The US, Iran, and the Nuclear Dilemma: A Conversation with Jonathan Schell - The Huffington Post [link]
- Without a radical change of policy, there's very little chance that the US will be able to convince Iran to give up its nuclear program.
- Things might well be different if the world were to get serious about it's stated goal of eliminating nuclear weapons. Obama's goal of nuclear abolition should be on a much faster timetable -15 years, let's say.
- The fact is, the existing nuclear powers have to fish or cut bait: either get serious about surrendering their own nuclear arms or get used to others' getting them.
- If a bomb were used [by terrorists] on an American city, of what use are nuclear weapons? On the other hand, if you put technology under international control, then you reduce your risk by 95%. The very steps you need to move to nuclear zero and are the same steps that will protect us from new nations or groups acquiring nuclear weapons.
- NOTE: Jonathan Schell is a Ploughshares Fund grantee.

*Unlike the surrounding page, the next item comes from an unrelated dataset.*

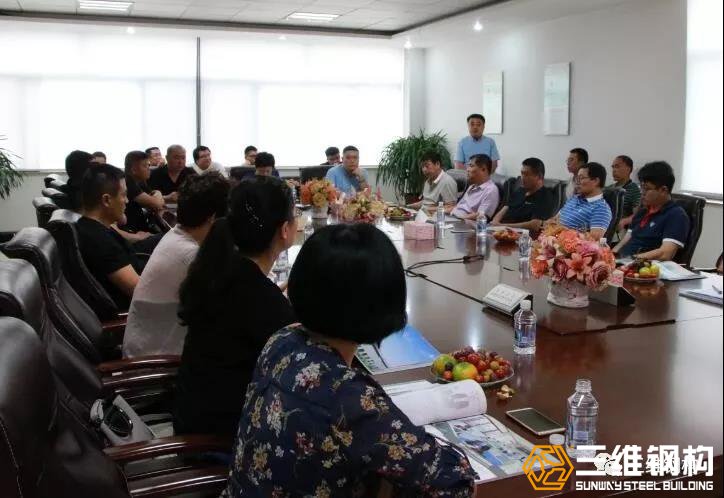 三維鋼構領導與玫德集團考察團齊聚會議室內,暢聊企業發展,會議由內貿部張經理主持。

New IAEA Report on Iran This Week - Laura Rozen in Politico [link]
- The International Atomic Energy Agency is expected to issue a new report on Iran's nuclear program this week.
- Meantime, Reuters reports out of Vienna that it obtained a joint letter from the U.S., France and Russia to the IAEA that said Iran's plans to higher enrich uranium for nuclear medical use are "wholly unjustified."
- The letter is also important, another nuclear nonproliferation expert suggests, because it demonstrates that "Russia is standing with the U.S. in opposing Iran’s recent escalation, which runs counter to the view of many on Russia."